Yet while the PRI hasn’t moved on, Mexico has. As journalist Katherine Corcoran’s points out Peña Nieto “is facing a Mexico much changed in the years since the PRI left office, when the country was still largely isolated, had very little investigative media and no citizen watchdogs armed with cellphone cameras and social media.”

The revelation that a government contractor had provided the president and his wife with a $7 million mansion has furthered the sense that this is the same old PRI. Peña Nieto’s approval rating has plummeted, reaching 39 percent by December according to Grupo Reforma. To put that into perspective, even his predecessor, Felipe Calderon, whose presidency was marred by rising violence, had a rating of 66 percent in 2012.

If the president has any chance of reversing this trend he badly needs his neoliberal reforms to bolster the economy. Trips abroad to exchange pleasantries with world leaders simply won’t cut it. So far, his plan A has devalued the peso, driven gas prices up and stagnated job growth.

Peña Nieto acknowledged the economy was paramount in his first public appearance of the year in Oaxaca.

“This year of 2015 we will feel the first effects of the reforms that we have enacted in the first two years of this administration,” he said. “It will be the families themselves, the Mexican people, who will be the judges of our actions.
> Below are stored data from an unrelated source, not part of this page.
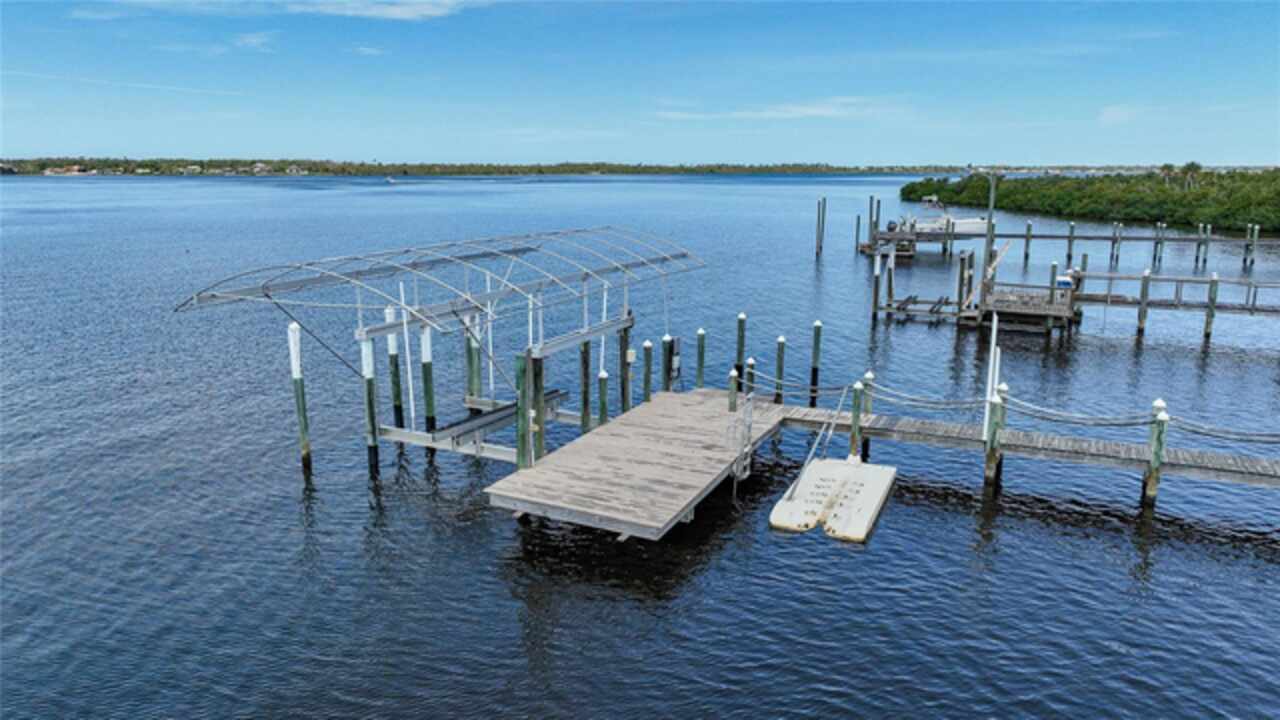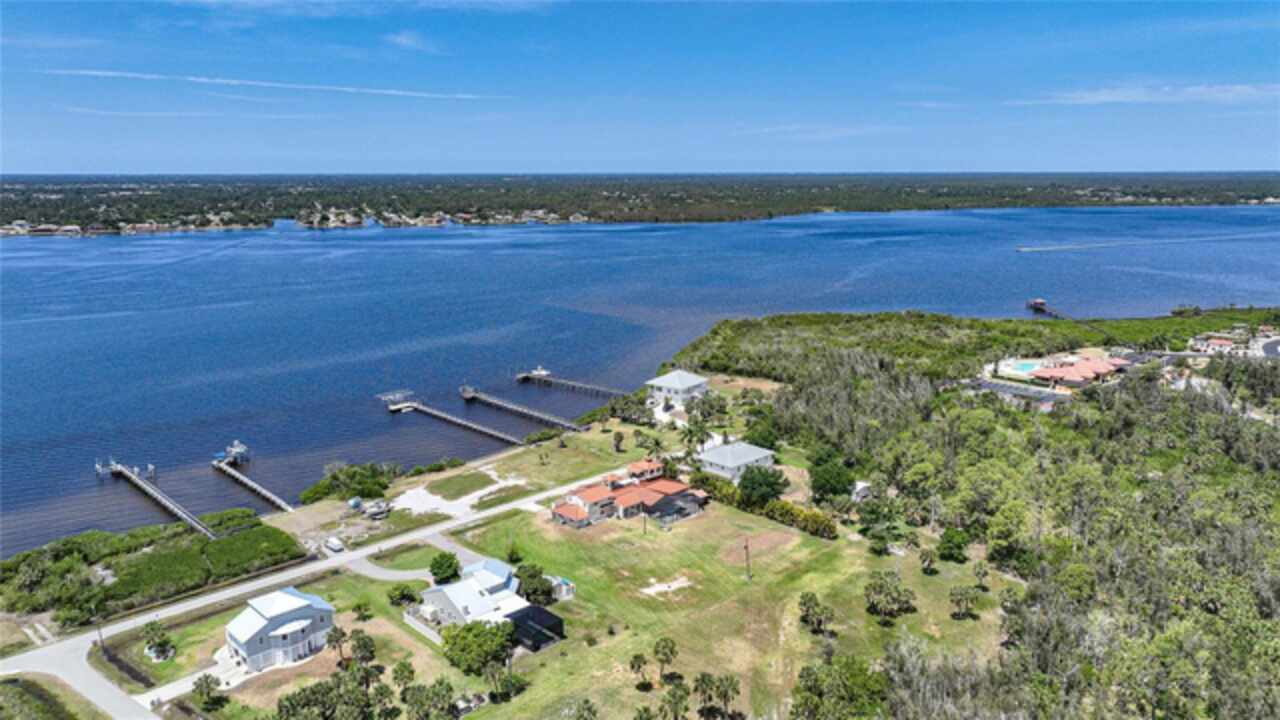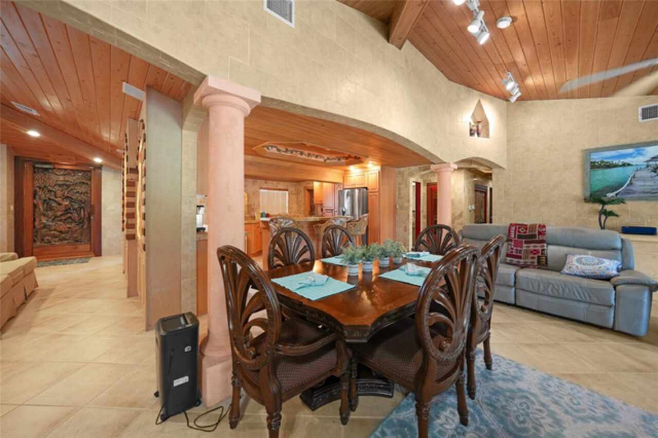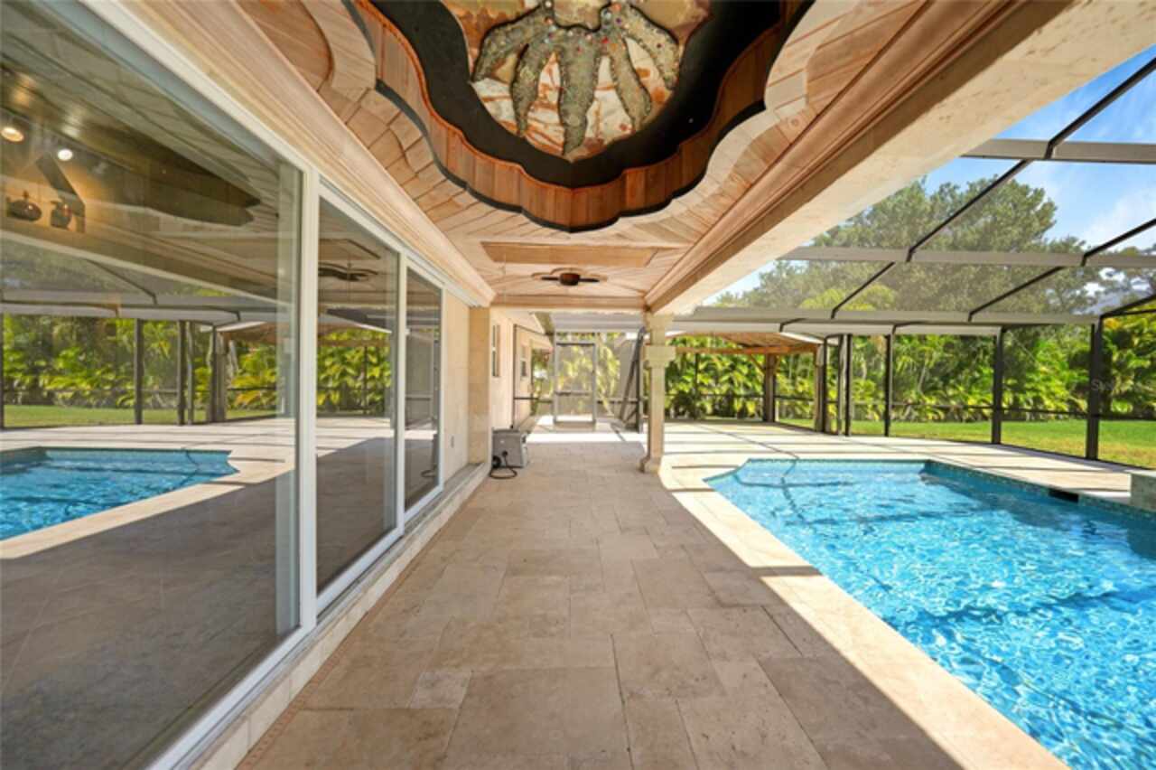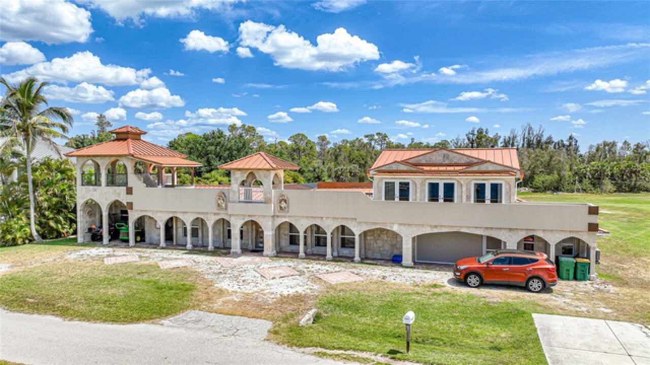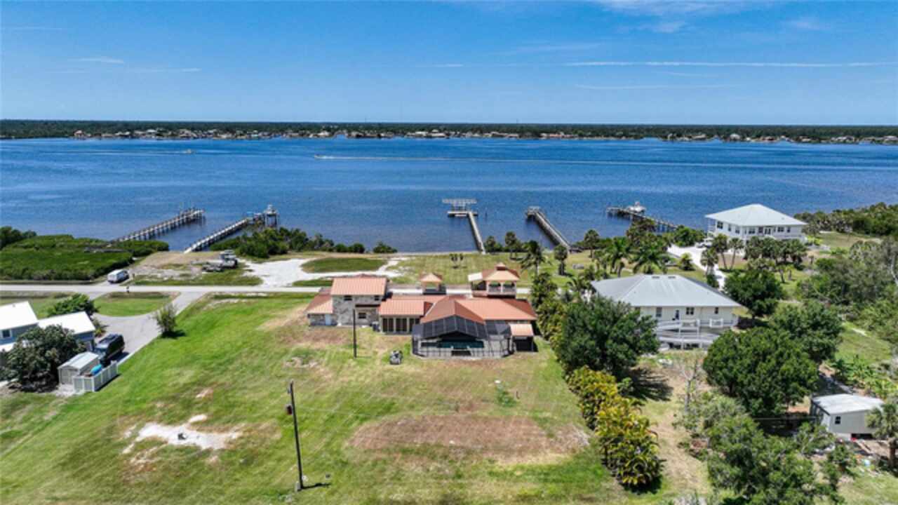 Unique is an understatement in describing this 4 bedroom, 3 bathroom Myakka River front home that its exterior and interior walls, along with floors, are Travertine. This gives the home a castle-like feel. The intricately handpainted, handcarved doors and ceiling panels brought in from various parts of the world, are found in every room in the home, along with a circular mosaic as a common theme. The kitchen is a great set-up for friends and family to cook and gather. The home is long and easily flows from each room. The 3 guest rooms and 2 bathrooms are located down a short hallway from the kitchen and family room. The caged pool and spa were added in 2019, and is conveniently accessible through sliding glass doors off of the family room. Beyond this room is an expansive more formal living room. On one end is a built in wall shelving unit that lights up. There are many nooks within the home that light up to add to the serene feel of the evening hours. Off of the formal living room is a formal dining room with wood caved table and chairs. As you move through the home, you will come to a laundry room, a door to the garage with its newly painted epoxy floor. A little way past this area is a bonus room that could be a den, or execise room. Before the laundry room is a stairway to the primary suite and upper deck that overlooks the river. There is an area off the kitchen that opens out to a staircase that also leads to the upper deck. Currently the sellers are getting quotes to fix this area. There is 200 feet of Myakka River water front and a dock that is 230 feet long with a 20, 000 lbs boat lift with a canvas cover. The El Jobean Fishing Pier is down the road. And though you can see the El Jobean bridge, you do not hear the traffic. It is nicely serene, but close to other attractions such as golf, Gulf beaches, dining and shopping, hiking, and of course boating. The home is being sold turnkey. A few art pieces may not convey. Neiher will the John Deere mower, ATV nor jet ski. They will be removed. This home is a must see to appreciate its uniqueness and location on 1.46 acres of Myakka River frontage. Paradise awaits!
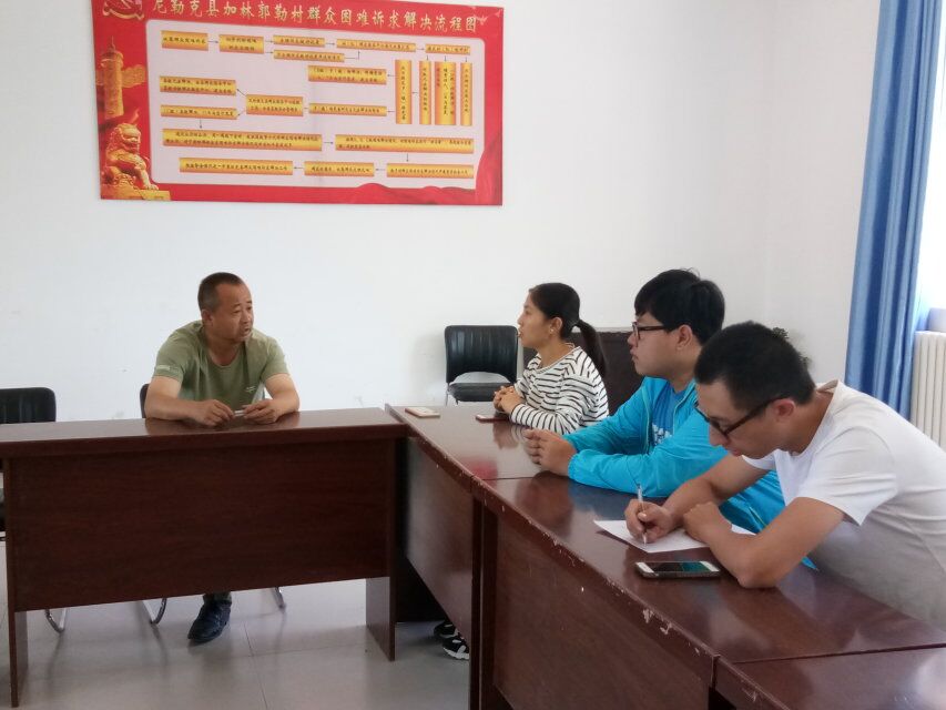 第三日上午,调研小分队一行人到加林郭勒村村委会分发问卷,搜集问卷信息。下午,团队采访了访惠聚工作队副队长谢玉强及一名工作人员。在采访中,谢玉强针对访惠聚工作队在加林郭勒村工作中的具体问题进行了阐述和分析,对工作中遇到的困难也进行了分享,使队员们对访惠聚工作有了不同的认识。
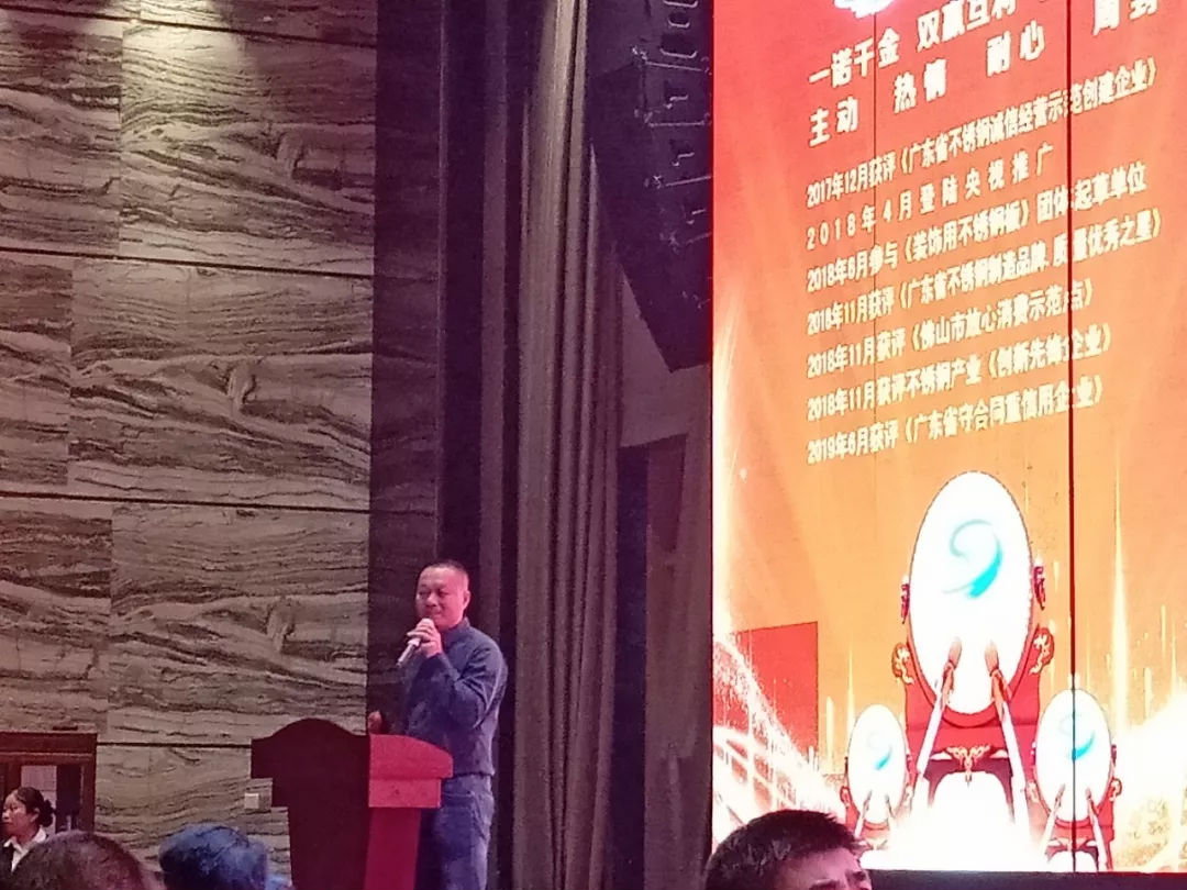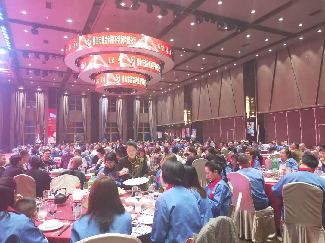 华灯初上,流光溢彩。1月9日晚,广东省不锈钢材料与制品协会理事单位佛山市鑫金利恒不锈钢有限公司2020年迎春晚会在佛山市顺德区陈村维也纳酒店隆重举行。鑫金利恒总经理童朝万与其全体员工、部分业界同仁等 200多人出席,我会执行会长林泽榆,副会长兼装饰板分会执行会长、鑫航集团董事长王占友,执行秘书长黄耿燕,理事、鑫盛佳董事长林盛发等应邀到会祝贺。
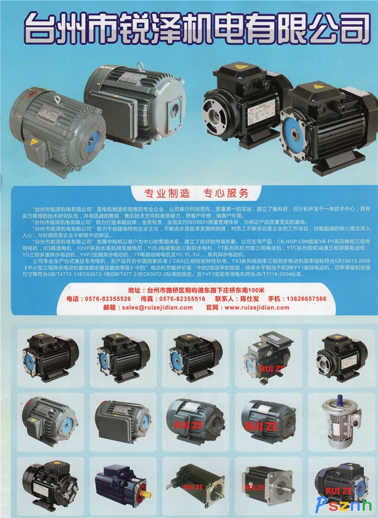 “台州市锐泽机电有限公司”是电机制造和销售的专业企业,公司奉行科技领先,质量第一的宗旨,建立了集科研,设计和开发于一体技术中心,具有实力雄厚的技术研究队伍,并有迅速的售前、售后技术支持和服务能力,想客户所想,做客户所需。
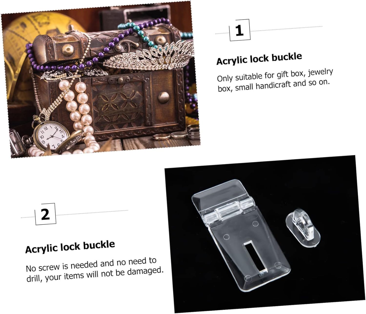Package Include 200 x Clear Acrylic Locks 200 x Clear Acrylic Buckles Features -Material: Acrylic Transparent Acrylic Lock Hasp. -Color: Transparent latch hasp lock. -Size: About 5.50X2.50X2.00cm/2.16X0.98X0 Plastic Lock Hasp. -With high hardness and ,easy to install and replace the old one acrylic hasp. -Designed with simple and stylish style,match well with many kinds of room doors hinge lock. - DIY woodworking cases, giftboxes, storage cases, bathroom door, pet cages, etc clear. -Equipped with large quantities for needs, or you can share with your friends cabinet lock hasp. -Adopted with mild and durable material, noteasy to deform and damage clear box hinge.Goods Descriptionlock hasp Come with many quantities for your needs,suitable for luggage case, suitcases, doors, etc.Acrylic Hinge Hasp Made of gentleand durable material, practical and sturdy, not easy to damage and wear, withhigh hardness and .lock for cabinet doors Are you looking for clear acrylic lock haspfor suitcase and room doors? Then you must not miss our product
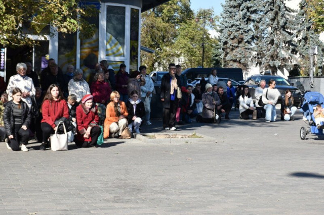 Після завершення богослужіння труну з тілом покійного захисника пронесли Театральним майданом, де лучани віддали останню шану, схиливши коліна. Біля фотостенда пам’яті загиблих Героїв присутні зупинилися і виконали Державний Гімн України.
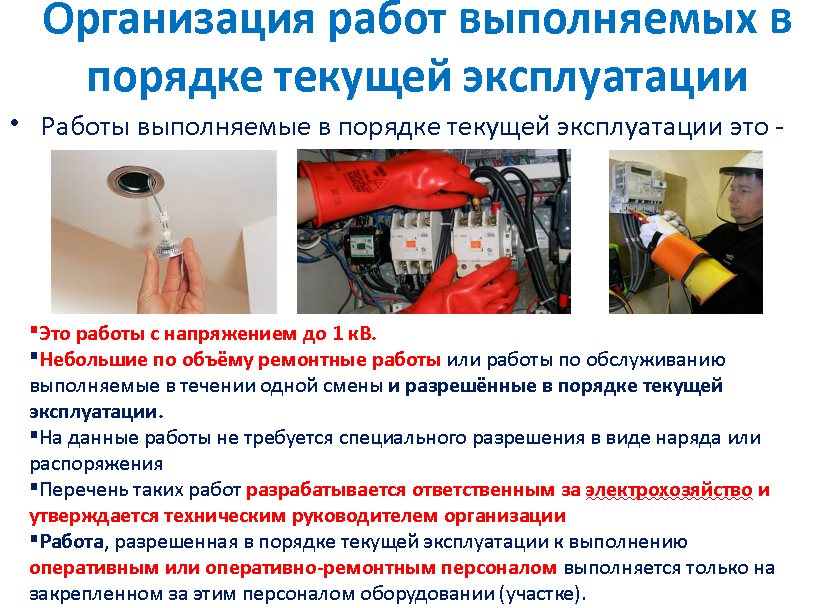 Raboti vklyuchyonnie v Perechen rabot vipolnyaemikh v poryadke tekushchey ekspluatatsii. Perechen rabot vipolnyaemikh v poryadke tekushchey ekspluatatsii v elektroustanovkakh do 1000 V. Raboti nam neobkhodimo proizvodit po naryadam-dopuskam rasporyazheniyam i po perechnyu rabot vipolnyaemikh v poryadke tekushchey ekspluatatsii.
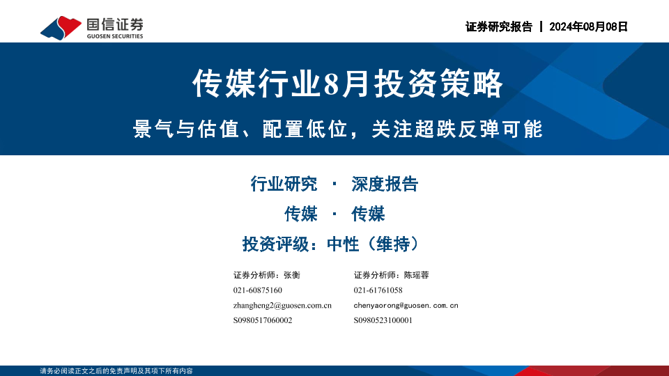 【国信证券】【20240808】传媒行业8月投资策略:景气与估值、配置低位,关注超跌反弹可能-38页
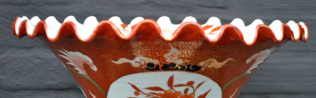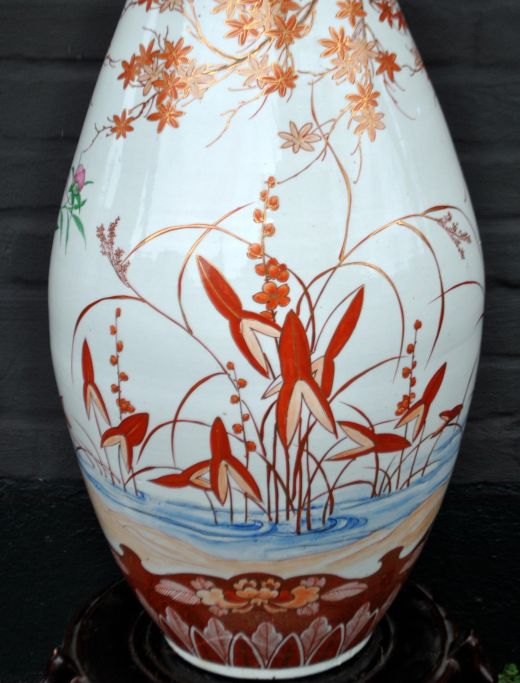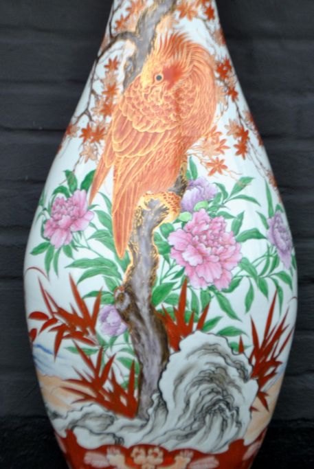 Japanische Kutani-Vase, 19. Jahrhundert. Handbemalt. Verziert mit Motiven wie Bäumen, Blumen und Vögeln. Polychrome Bemalung mit Vergoldung. Wellenrand. Höhe: 94 cm. Durchmesser: 33,5 cm. Höhe inkl. Fuß: 113,5 cm.
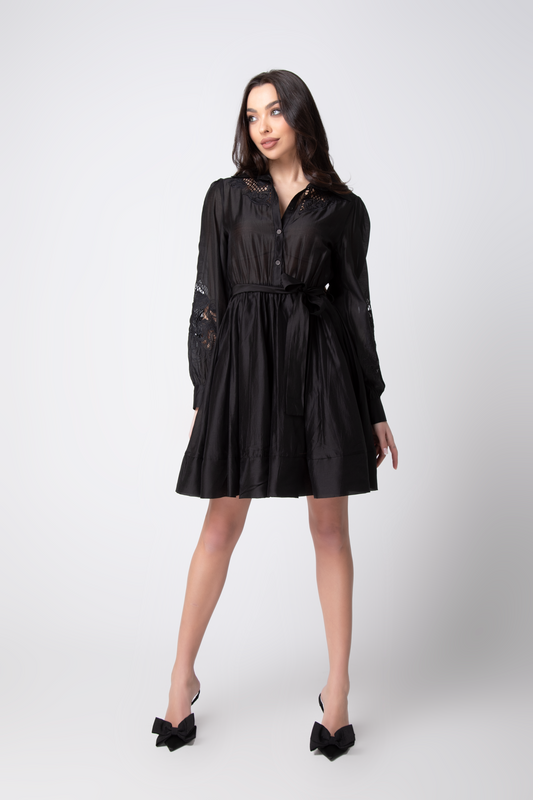 Комплект с бродирани цветя и пайети в черно Alessia

They are the ones who can measure and evaluate the benefits the reforms yield.”

Unfortunately for Peña Nieto, neoliberalism in Mexico has never seemed to work. From the signing of the North American Free Trade Agreement (NAFTA) in 1994 to the present, deregulation and privatization have promoted inequality, with a knock-on effect on crime that has contributed to the kind of violence currently miring his reputation.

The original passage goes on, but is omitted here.